Conseil Communautaire du 14 décembre 2012

Pour enfin comprendre les enjeux budgétaires de la Métro …

 


Intervention de Jean-Philippe Motte

Je veux d’abord saluer la qualité du travail préparatoire à l’élaboration de ce budget et la clarté de la présentation de celui-ci.Les contraintes dans lesquelles il doit s’inscrire, les orientations et priorités qui nous sont proposées nécessitent de contenir les dépenses de fonctionnements et de  » décélérer  » , c’est-à-dire de réduire les engagements en matière d’investissement – compte tenu de la stagnation des dotations et recettes de fonctionnement, entrainant une moindre épargne de gestion et une moindre épargne nette ; et de la volonté de tenir la dette en stabilisant le recours à l’emprunt.

D’accord, donc avec ce projet qui ménage les principales lignes d’action de notre Communauté d’agglomération et permet de respecter nos engagements et objectifs en matière d’habitat et d’hébergement, de transports en commun, de développement économique et d’environnement ; de même en ce qui concerne les grands services urbains, à travers les budgets annexes l’assainissement et, à partir de cette année 2013, la collecte et le traitement des ordures ménagères.

Je veux cependant, à l’occasion de ce vote du budget 2013, alerter notre assemblée sur la nécessité de travailler des le début de l’année aux conditions de préparation des budgets 2014 et 2015. Nous savons – le gouvernement nous l’a annoncé – que ces années là vont être particulièrement rudes pour les finances publiques et qu’elles se traduiront notamment par une réduction des concours de l’Etat aux collectivités locales et par la mise en place de prélèvements de péréquation qui vont toucher les communes comme la Métro.
Bref nos recettes de fonctionnement vont en être amoindries, conduisant, si on n’y prend garde, à un étouffement de nos capacités d’action, précisément de notre potentiel d’investissement.


Je m’exprime à ce sujet comme élu de Grenoble et élu communautaire, membre d’un mouvement politique local – Grenoble Objectif Citoyenneté – qui a depuis longtemps affirmé publiquement la nécessité d’aller à une redistribution des cartes – des compétences, des charges et des ressources – entre les communes et la communauté d’agglomération.

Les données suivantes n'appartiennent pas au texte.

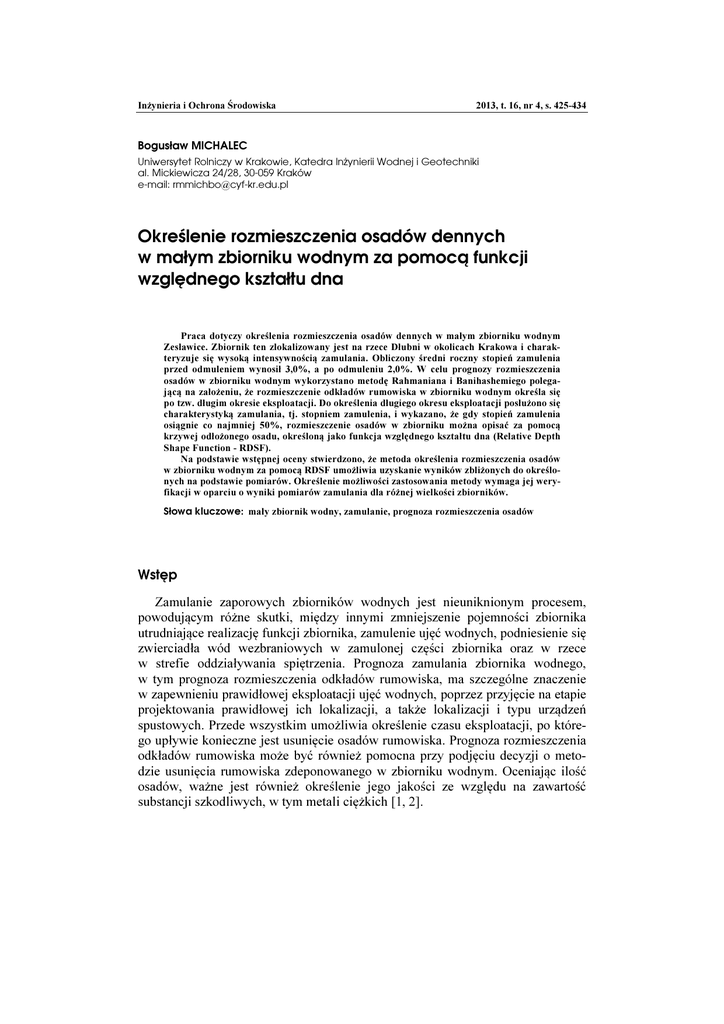 Inżynieria i Ochrona Środowiska 2013, t. 16, nr 4, s. 425-434 Bogusław MICHALEC Uniwersytet Rolniczy w Krakowie, Katedra Inżynierii Wodnej i Geotechniki al. Mickiewicza 24/28, 30-059 Kraków e-mail: [email protected] Określenie rozmieszczenia osadów dennych w małym zbiorniku wodnym za pomocą funkcji względnego kształtu dna Praca dotyczy określenia rozmieszczenia osadów dennych w małym zbiorniku wodnym Zesławice. Zbiornik ten zlokalizowany jest na rzece Dłubni w okolicach Krakowa i charakteryzuje się wysoką intensywnością zamulania. Obliczony średni roczny stopień zamulenia przed odmuleniem wynosił 3,0%, a po odmuleniu 2,0%. W celu prognozy rozmieszczenia osadów w zbiorniku wodnym wykorzystano metodę Rahmaniana i Banihashemiego polegającą na założeniu, że rozmieszczenie odkładów rumowiska w zbiorniku wodnym określa się po tzw. długim okresie eksploatacji. Do określenia długiego okresu eksploatacji posłużono się charakterystyką zamulania, tj. stopniem zamulenia, i wykazano, że gdy stopień zamulenia osiągnie co najmniej 50%, rozmieszczenie osadów w zbiorniku można opisać za pomocą krzywej odłożonego osadu, określoną jako funkcja względnego kształtu dna (Relative Depth Shape Function - RDSF). Na podstawie wstępnej oceny stwierdzono, że metoda określenia rozmieszczenia osadów w zbiorniku wodnym za pomocą RDSF umożliwia uzyskanie wyników zbliżonych do określonych na podstawie pomiarów. Określenie możliwości zastosowania metody wymaga jej weryfikacji w oparciu o wyniki pomiarów zamulania dla różnej wielkości zbiorników. Słowa kluczowe: mały zbiornik wodny, zamulanie, prognoza rozmieszczenia osadów Wstęp Zamulanie zaporowych zbiorników wodnych jest nieuniknionym procesem, powodującym różne skutki, między innymi zmniejszenie pojemności zbiornika utrudniające realizację funkcji zbiornika, zamulenie ujęć wodnych, podniesienie się zwierciadła wód wezbraniowych w zamulonej części zbiornika oraz w rzece w strefie oddziaływania spiętrzenia. Prognoza zamulania zbiornika wodnego, w tym prognoza rozmieszczenia odkładów rumowiska, ma szczególne znaczenie w zapewnieniu prawidłowej eksploatacji ujęć wodnych, poprzez przyjęcie na etapie projektowania prawidłowej ich lokalizacji, a także lokalizacji i typu urządzeń spustowych. Przede wszystkim umożliwia określenie czasu eksploatacji, po którego upływie konieczne jest usunięcie osadów rumowiska. Prognoza rozmieszczenia odkładów rumowiska może być również pomocna przy podjęciu decyzji o metodzie usunięcia rumowiska zdeponowanego w zbiorniku wodnym. Oceniając ilość osadów, ważne jest również określenie jego jakości ze względu na zawartość substancji szkodliwych, w tym metali ciężkich [1, 2]. 426 B. Michalec Spośród metod empirycznych, służących prognozowaniu zamulania, czyli objętości rumowiska odłożonego w zbiorniku po upływie określonego czasu, można wymienić metodę Ortha z 1934 roku [3], Šamova z 1959 roku [3], Gončarova z 1962 roku [4] i Łapszenkova z 1957 roku [5]. Obecnie, ze względu na rozwój technik obliczeniowych, najczęściej stosuje się metody numeryczne, które wraz z analitycznymi zaliczane są do metod teoretycznych. Metody numeryczne obliczeń transportu rumowiska dają możliwości symulacji przepływu w jednym, dwóch i trzech wymiarach. Wśród wielu jednowymiarowych modeli numerycznych najczęściej stosowanych wyróżnić można modele HEC-6 [6], MIKE11, FLUVIAL [7] i MORMO [8]. Najpopularniejsze modele dwuwymiarowe: to MIKE21, TABS-MD, CCHED2, HSCTM2D i GSTARS [9]. Spośród modeli trójwymiarowych należy wymienić między innymi: SSIIM, ECOMSED, CCHED3, Delft-3D [5]. Dystrybucję osadów rumowiska w zbiorniku wodnym można określić za pomocą metod numerycznych i empirycznych. Spośród metod empirycznych służących prognozowaniu lub umożliwiających opis rozmieszczenia przestrzennego osadów w zbiornikach wodnych można wymienić między innymi metody: Cristofano [10], Borlanda i Millera [11], Lary [12], Hobbsa [13], Borlanda [14], a także nową metodę Rahmaniana i Banihashemiego [15]. Metody te zostały opracowane na podstawie analizy rozmieszczenia osadów w średnich i dużych zbiornikach wodnych, a ich zastosowanie w prognozowaniu rozmieszczenia rumowiska w małych zbiornikach wodnych wymaga weryfikacji. Dokonanie weryfikacji tych metod wymaga natomiast dysponowania wynikami pomiarów zamulenia małych zbiorników wodnych i opracowanym na ich podstawie rozmieszczeniem osadów. Prace badawcze dotyczące rozmieszczenia osadów prowadzone są od kilku lat w Katedrze Inżynierii Wodnej i Geotechniki Uniwersytetu Rolniczego w Krakowie. W pracy Michalca i Tarnawskiego [22] przedstawiono wstępną ocenę zastosowania metody Roosebooma i Annandale’a [16]. Ocena ta dotyczyła możliwości prognozowania rozmieszczenia rumowiska w małym zbiorniku wodnym w Krempnej. Szczegółową ocenę tej metody, opracowaną na podstawie badań procesu zamulania dwunastu małych zbiorników wodnych, zamieszczono w pracy Michalca [17]. Aplikacja wyżej wymienionych metod do określenia rozmieszczenia osadów dennych w małych zbiornikach wodnych nie zawsze jest możliwa. Według metody empirycznej Area Increment Method (AIM), opracowanej przez Christofano, przyjmuje się miąższość osadu w części przyzaporowej zbiornika wodnego i zakłada się, że rumowisko będzie odkładać się jedynie w martwej strefie pojemności zbiornika [5]. Natomiast metoda Borlanda-Millera (Empirical Area-Reduction Method - EARM) została opracowana na podstawie wyników pomiarów zamulenia 30 zbiorników wodnych o pojemnościach od 49 mln m3 do 37 mld m3 [5]. Z tego też względu nie znajduje ona zastosowania w przypadku małych zbiorników wodnych, podobnie jak metoda Christofano. Nową empiryczną metodą, służącą prognozowaniu rozmieszczenia osadów dennych w zbiorniku wodnym, jest opracowana przez Rahmaniana i B

Faut-il rappeler que les reversements de la Métro aux communes, allocation de compensation et dotation de solidarité communautaire, se montent à 143.9 millions d’euros et représentent 53 % du budget de fonctionnement de la Métro ? Les accords qui ont été établis au début des années 2000 lorsque nous avons crée la communauté d’agglomération doivent être réexaminés.
Nous sommes, 12 ans après, dans un nouveau contexte économique et financier ; la Métro est montée en régime sur les compétences qui lui étaient dévolues ; (Habitat , Déplacements, Environnement, Politique de la Ville, Action Economique et l’accès à l’emploi ..) ce mouvement se traduit normalement par un moindre engagement des communes dans ces compétences. Il faut aller vers cette clarification vers la diminution et la disparition des recouvrements entrainant une réduction des charges des communes et du coup du reversement de la Métro.
Ceci en veillant évidemment à garder le cap d’une grande solidarité territoriale entre les communes et la Métro, le budget de celle-ci assurant les péréquations nécessaires.
Nous militons donc pour une plus grande intégration des compétences et des ressources à l’échelle communautaire, tout en respectant la commune comme échelle de démocratie et de services de proximité.
Bien entendu cette recomposition des responsabilités des collectivités locales va être éclairée par la nouvelle loi de décentralisation discutée au Parlement dès le début de l’année 2013. Mais n’attendons pas tout du plan national. Nous avons nous même à ouvrir cette réflexion et le débat sur une nouvelle étape de la relation Métro – commune. Faute de quoi, si nous ne faisons rien nous même avec un peu de temps pour préparer 2014, 2015 et la suite, nous nous ferons dicter notre loi par l’urgence qui nous imposera alors des solutions de rafistolage.

On peut espérer que ce travail pourra être aussi soutenu par une nouvelle donne fiscale qu’on attend de la part du législateur, tant on a besoin, nos concitoyens ont besoin, de clarté et de lisibilité – en faisant correspondre autant que possible compétences exercées et ressources collectées : chacun sait ici que l’impôt local est devenu injuste et incompréhensible pour les citoyens parce que fondé sur des valeurs locatives d’un autre âge.